Ihr gefiel es nicht, wenn die Brüder schlecht übereinander sprachen.

Aber Hannes wechselte seine Freundinnen wirklich oft. Für Julian war er alles andere als ein Vorbild. Auch wenn er sich oft wünschte, etwas von Hannes’ Lockerheit zu haben.

„Und wie läuft es in der Schule?“, fragte der Vater und sah Julian an.

„Geht so …“, sagte Julian.

Es gefiel ihm nicht, wenn er ausgefragt wurde.

„Und was heißt das?“, bohrte der Vater nach.

„Alles o. k.“, murmelte Julian.

„Geht das auch genauer?“ Der Vater klang genervt.

In dem Moment klingelte das Handy.

„Hirschlander“, meldete sich die Mutter.

„Ja, er ist da.
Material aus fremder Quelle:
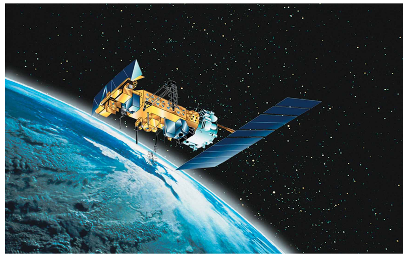
NOAA-18, the newest in a long line of weather and environmental satellites, launched May 20, 2005.

This article was provided by the Jet Propulsion Laboratory, California Institute of Technology, under a contract with the National Aeronautics and Space Administration.

Moment mal.“

Sie wandte sich dem Vater zu.

„Ein Wasserrohrbruch in der Augustastraße. Könnt ihr das machen?“

Der Vater nahm das Telefon.

„Ja, hallo“, sagte er und lächelte. „Aber sicher, wir kommen sofort. Nein, das ist kein Problem.“

Julian beobachtete seinen Vater und wie er sich von einer auf die andere Sekunde verändert hatte. Sobald ein Kunde anrief, wurde er übertrieben freundlich und nett. So war es immer. Das Motto des Vaters lautete: „Der Kunde ist König“. Julian fand das verlogen. Fast schämte er sich für seinen Vater. Denn zu Hause war er oft ganz anders als gegenüber Fremden. Und wenn Julian eines nicht mochte, dann war das Schleimerei – vor allem, wenn es seinen Vater betraf.

„Wir reden heute Abend weiter“, sagte dieser beim Aufstehen. Er warf Julian einen kurzen Blick zu, in dem so etwas wie eine Drohung lag.